A complete version of the Dīrgha Āgama (Taishō Tripiṭaka 1) of the Dharmaguptaka school was translated into Chinese by Buddhayaśas and Zhu Fonian (竺佛念) in the Later Qin dynasty, dated to 413 CE. It contains 30 sūtras in contrast to the 34 suttas of the Theravadin Dīgha Nikāya. A. K. Warder also associates the extant Ekottara Āgama (Taishō Tripiṭaka 125) with the Dharmaguptaka school, due to the number of rules for monastics, which corresponds to the Dharmaguptaka Vinaya. The Dharmaguptaka Vinaya is also extant in Chinese translation (Taishō Tripiṭaka 1428), and Buddhist monastics in East Asia adhere to the Dharmaguptaka Vinaya.

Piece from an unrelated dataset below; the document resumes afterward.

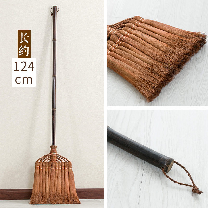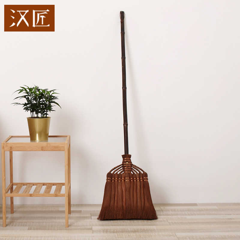 Hansmiths indoor floor sweep with soft hair and hands sweeping broom without bending the waist-hand woven plant brown broom long handle

The Dharmaguptaka Tripiṭaka is said to have contained a total of five piṭakas. These included a Bodhisattva Piṭaka and a Mantra Piṭaka (Ch. 咒藏), also sometimes called a Dhāraṇī Piṭaka. According to the 5th-century Dharmaguptaka monk Buddhayaśas, the translator of the Dharmaguptaka Vinaya into Chinese, the Dharmaguptaka school had assimilated the Mahāyāna Tripiṭaka (Ch. 大乘三藏).

Mahīśāsaka
The Mahīśāsaka Vinaya is preserved in Chinese translation (Taishō Tripiṭaka 1421), translated by Buddhajīva and Zhu Daosheng in 424 CE.

Kāśyapīya
Small portions of the  of the Kāśyapīya school survive in Chinese translation. An incomplete Chinese translation of the Saṃyukta Āgama of the Kāśyapīya school by an unknown translator circa the Three Qin (三秦) period (352-431 CE) survives.

Pali Canon

The Pāli Canon is the complete Tripiṭaka set maintained by the Theravāda tradition as written and preserved in Pali.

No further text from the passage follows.